What is required:
Output the records precisely as they stand. Pictures are to be skipped.

·····

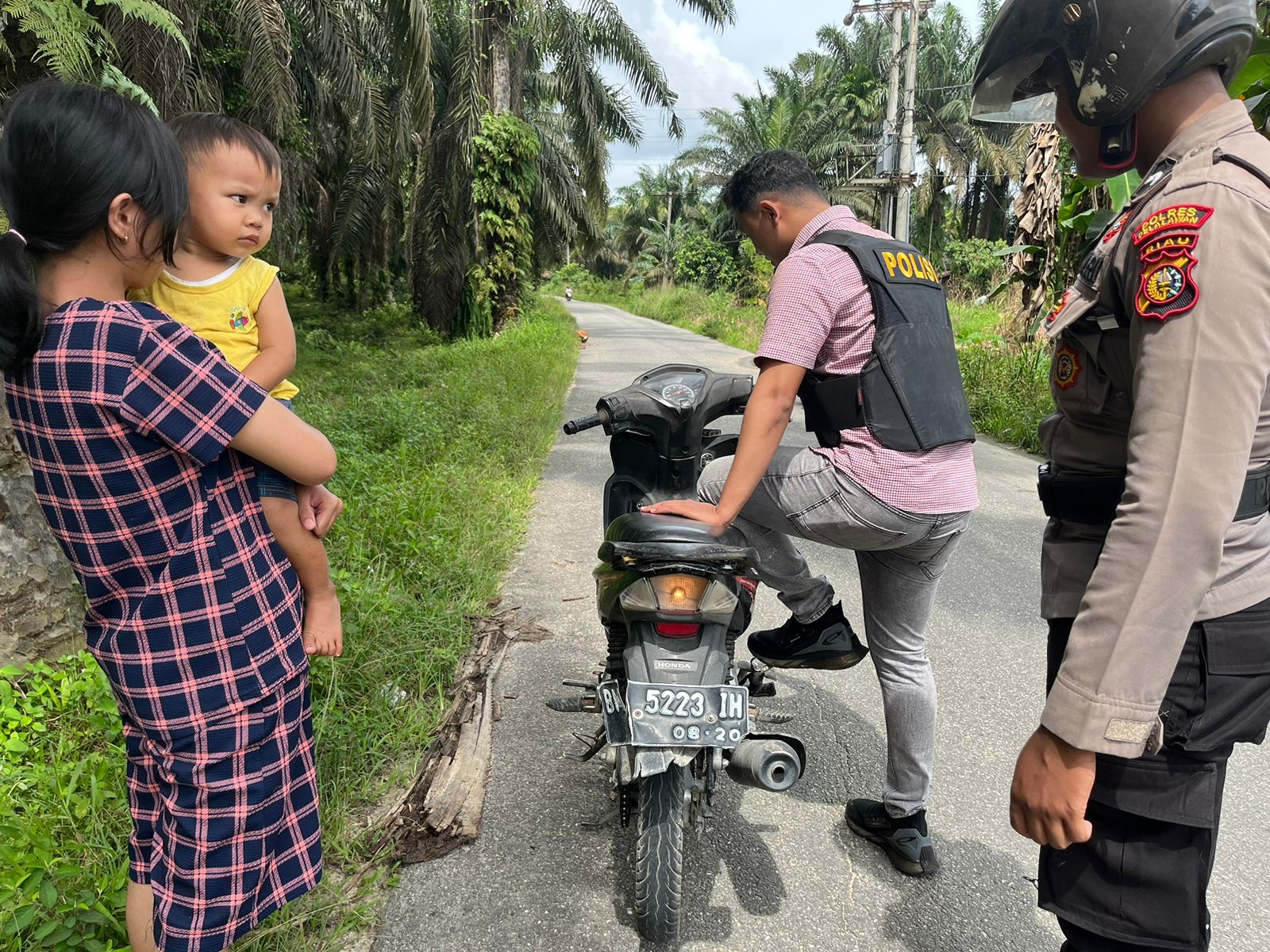 Saat Cooling System Pemilu, Polisi Bandar Sei Kijang Sempatkan Bantu Warga Motor Mogok
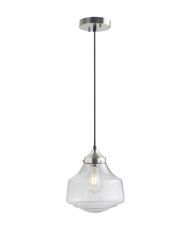 Jonathan Y Matilda 10" 1-Light Industrial Designer Iron/Dimple Glass Dome Led Pendant, Nickel/Clear
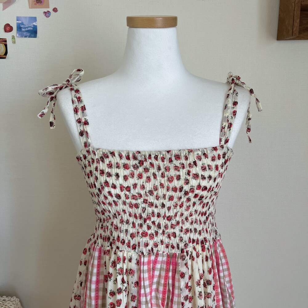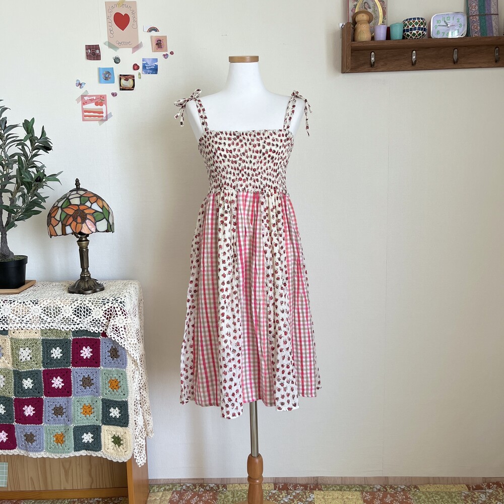 핑크색감 베이스의 세로 패치 끈원피스예요
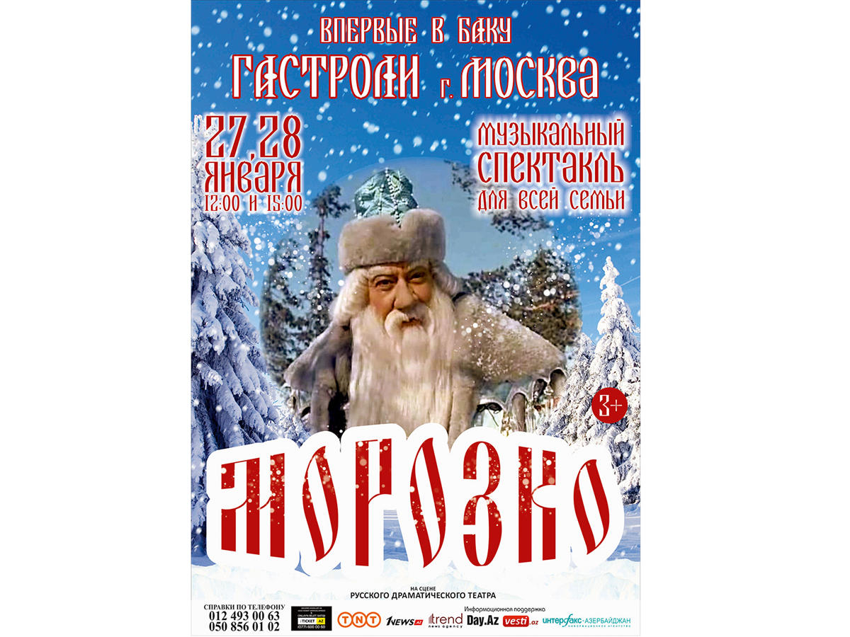 БАКУ /Trend Life/ - Впервые в Баку, в дни зимних школьных каникул, только 27 и 28 января, на сцене Государственного русского драматического театра имени Самеда Вургуна пройдут гастроли московских артистов с настоящей зимней сказкой, спектаклем для всей семьи - "Морозко"
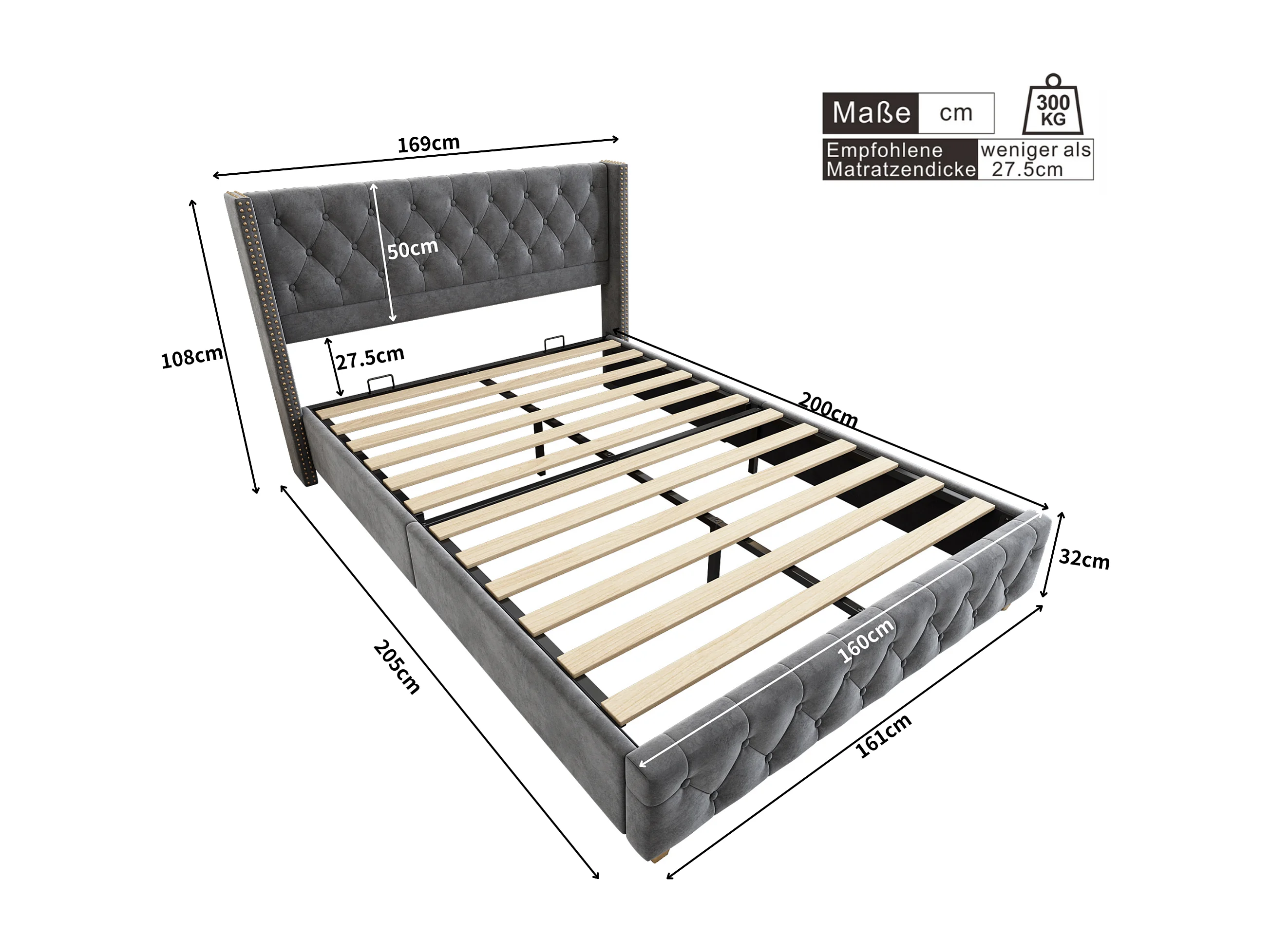 Lit adulte 160x200 cm avec sommier - tête de lit capitonnée - cadre de lit en bois - velours gris (sans matelas)
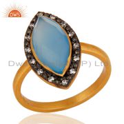 18K Yellow Gold Plated Sterling Silver Blue Chalcedony Dangle Earrings With Cz
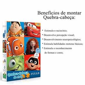 Puzzle De Chão 28 Peças Pixar - Toyster O Quebra-Cabeça de Chão Pixar 28 peças é uma forma divertida e educativa de mergulhar no mundo mágico da Pixar. Com suas peças grandes e fáceis de montar, ele é ideal para as crianças pequenas, que podem brincar e aprender ao mesmo tempo. O quebra-cabeça traz imagens vibrantes de personagens de filmes como Procurando Nemo, Os Incríveis, Monstros e Carros, permitindo que os pequenos se conectem com esses filmes de maneira lúdica. Além de ajudar a desenvolver a coordenação motora e o raciocínio lógico, é uma ótima oportunidade para as crianças se divertirem enquanto montam cenas cheias de cor e . .Código: 105506 Dimensões aprox. da embalagem em cm: 4x14x20 Peso liq. Aproximado do produto na embalagem: 210g Certificado Inmetro: 000520/2022 Referência do modelo: 8060 Conteúdo da embalagem: 01 Quebra Cabeça Contendo 28 Peças Composição/material: Papel, Papel . Idade recomendada: a partir de 4 anos. Garantia: 90 dias contra de fabricação pelo fabricante. Imagens meramente ilustrativas. As cores e tonalidades podem variar. Gênero - Meninas Meninos Unissex Idade - 4 anos 5 anos 6 anos Tipo - Puzzle Quantidade de Peças - Até 30 Peças
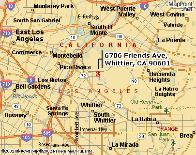 (Use Your Browsers Print Function To Print This Page) The Annual Louisiana Brigade Dance is set for this date. On March 29, 2003 (1863 plus 140 years) Taylor's-Hays' Louisiana Brigade will hold its 5th Spring Cotillion. The event will be held at the DeSoto Parish Ladies Aid Society Building (AKA Red Cross Building - 6706 South Friends Avenue, Whittier, Ca. [See maps below for directions]). This will be a formal Cotillion, with period dress (either civilian or military) required. The Cotillion will utilize the musical talents of the Cottonwood Strings, along with the dance calling of Thomas Atkins, 1st Sergeant, Company E, 8th Louisiana. Based on information from the Red Cross, we will have to raise the price per person this year. The Red Cross has raised their prices to us 400%. Here is the pricing for the Cotillion: AT THE DOOR - $15.00 for Adults &$10.00 for Children. DISCOUNT PRICE BEFORE MARCH 17th - $10.00 for Adults & $5.00 for Children. As always, attendees are requested to bring light snacks (i.e., cookies, fruits, vegetables, etc.) for the mid-dance break. Libations (i.e., coffee, lemonade, water, etc.) will be provided by the Brigade. Any checks received after March 17th will have to pay the full price. Reservations and monies should be sent to Mark Schoenberger (11908 Tigrina Ave. Whittier, Ca. 90604 )
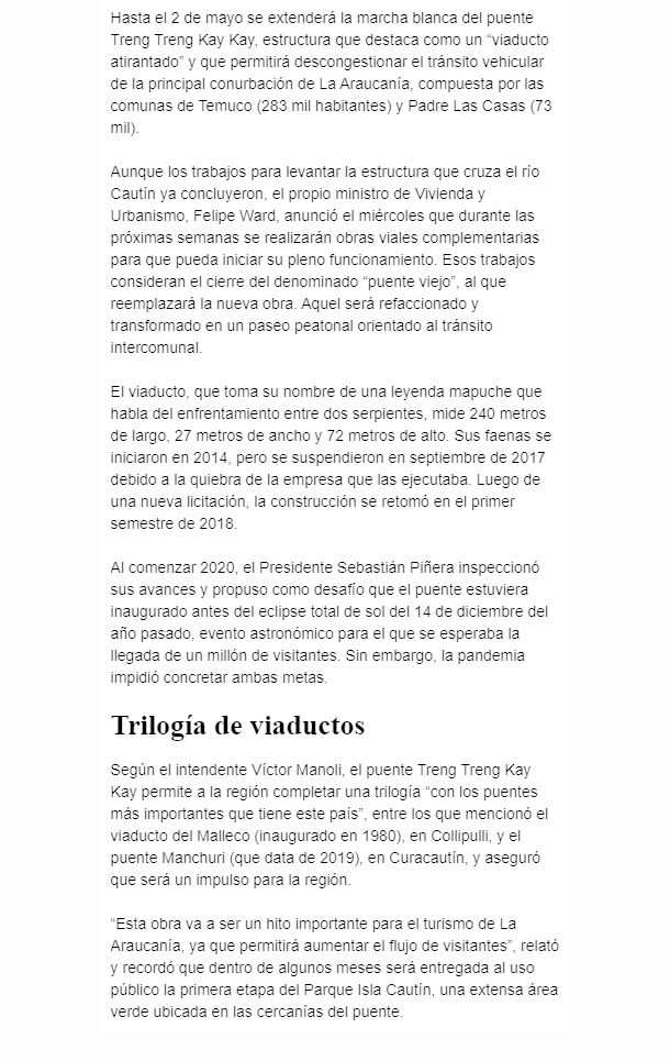 EL MERCURIO – Aunque construcción del viaducto que une a Temuco y Padre las Casas concluyó, faltan obras viales para su pleno funcionamiento.
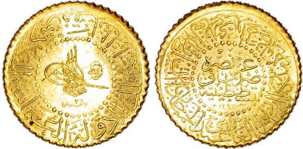 Ottoman Empire, Abdul Hamid II (AH 1293‑1327 / 1876‑1909 AD), gold 25 Kurush de Luxe, AH 1293 (frozen year), year 21, 1.83g (Fr. 150). Extremely Fine.
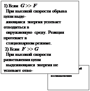 Полученное выражение предсказывает два предельных режима изменения концентрации активных центров, (см. рис.): а)-при доминирующем обрыве цепи система стационарно насыщается активными центрами; б)-при доминирующем разветвлении активные центры способны неограниченно накапливаться.
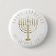 Este botão apresenta uma menorah dourada e a mensagem acima lê "Happy Chanukah". Abaixo da menorah está um lugar para seu nome familiar que você pode personalizar ou remover se quiser.
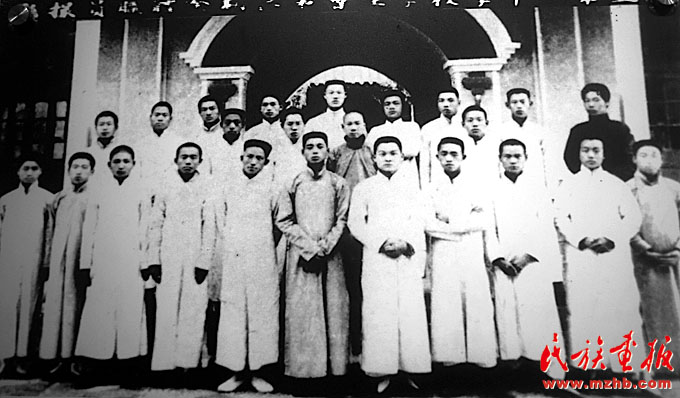 山東省立第一中學(xué)第三期全體學(xué)生會職員合影,前排右四為鄧恩銘

·····

Finished exercise:
 Saat Cooling System Pemilu, Polisi Bandar Sei Kijang Sempatkan Bantu Warga Motor Mogok
 Jonathan Y Matilda 10" 1-Light Industrial Designer Iron/Dimple Glass Dome Led Pendant, Nickel/Clear
 핑크색감 베이스의 세로 패치 끈원피스예요
 БАКУ /Trend Life/ - Впервые в Баку, в дни зимних школьных каникул, только 27 и 28 января, на сцене Государственного русского драматического театра имени Самеда Вургуна пройдут гастроли московских артистов с настоящей зимней сказкой, спектаклем для всей семьи - "Морозко"
 Lit adulte 160x200 cm avec sommier - tête de lit capitonnée - cadre de lit en bois - velours gris (sans matelas)
 18K Yellow Gold Plated Sterling Silver Blue Chalcedony Dangle Earrings With Cz
 Puzzle De Chão 28 Peças Pixar - Toyster O Quebra-Cabeça de Chão Pixar 28 peças é uma forma divertida e educativa de mergulhar no mundo mágico da Pixar. Com suas peças grandes e fáceis de montar, ele é ideal para as crianças pequenas, que podem brincar e aprender ao mesmo tempo. O quebra-cabeça traz imagens vibrantes de personagens de filmes como Procurando Nemo, Os Incríveis, Monstros e Carros, permitindo que os pequenos se conectem com esses filmes de maneira lúdica. Além de ajudar a desenvolver a coordenação motora e o raciocínio lógico, é uma ótima oportunidade para as crianças se divertirem enquanto montam cenas cheias de cor e . .Código: 105506 Dimensões aprox. da embalagem em cm: 4x14x20 Peso liq. Aproximado do produto na embalagem: 210g Certificado Inmetro: 000520/2022 Referência do modelo: 8060 Conteúdo da embalagem: 01 Quebra Cabeça Contendo 28 Peças Composição/material: Papel, Papel . Idade recomendada: a partir de 4 anos. Garantia: 90 dias contra de fabricação pelo fabricante. Imagens meramente ilustrativas. As cores e tonalidades podem variar. Gênero - Meninas Meninos Unissex Idade - 4 anos 5 anos 6 anos Tipo - Puzzle Quantidade de Peças - Até 30 Peças
 (Use Your Browsers Print Function To Print This Page) The Annual Louisiana Brigade Dance is set for this date. On March 29, 2003 (1863 plus 140 years) Taylor's-Hays' Louisiana Brigade will hold its 5th Spring Cotillion. The event will be held at the DeSoto Parish Ladies Aid Society Building (AKA Red Cross Building - 6706 South Friends Avenue, Whittier, Ca. [See maps below for directions]). This will be a formal Cotillion, with period dress (either civilian or military) required. The Cotillion will utilize the musical talents of the Cottonwood Strings, along with the dance calling of Thomas Atkins, 1st Sergeant, Company E, 8th Louisiana. Based on information from the Red Cross, we will have to raise the price per person this year. The Red Cross has raised their prices to us 400%. Here is the pricing for the Cotillion: AT THE DOOR - $15.00 for Adults &$10.00 for Children. DISCOUNT PRICE BEFORE MARCH 17th - $10.00 for Adults & $5.00 for Children. As always, attendees are requested to bring light snacks (i.e., cookies, fruits, vegetables, etc.) for the mid-dance break. Libations (i.e., coffee, lemonade, water, etc.) will be provided by the Brigade. Any checks received after March 17th will have to pay the full price. Reservations and monies should be sent to Mark Schoenberger (11908 Tigrina Ave. Whittier, Ca. 90604 )
 EL MERCURIO – Aunque construcción del viaducto que une a Temuco y Padre las Casas concluyó, faltan obras viales para su pleno funcionamiento.
 Ottoman Empire, Abdul Hamid II (AH 1293‑1327 / 1876‑1909 AD), gold 25 Kurush de Luxe, AH 1293 (frozen year), year 21, 1.83g (Fr. 150). Extremely Fine.
 Полученное выражение предсказывает два предельных режима изменения концентрации активных центров, (см. рис.): а)-при доминирующем обрыве цепи система стационарно насыщается активными центрами; б)-при доминирующем разветвлении активные центры способны неограниченно накапливаться.
 Este botão apresenta uma menorah dourada e a mensagem acima lê "Happy Chanukah". Abaixo da menorah está um lugar para seu nome familiar que você pode personalizar ou remover se quiser.
 山東省立第一中學(xué)第三期全體學(xué)生會職員合影,前排右四為鄧恩銘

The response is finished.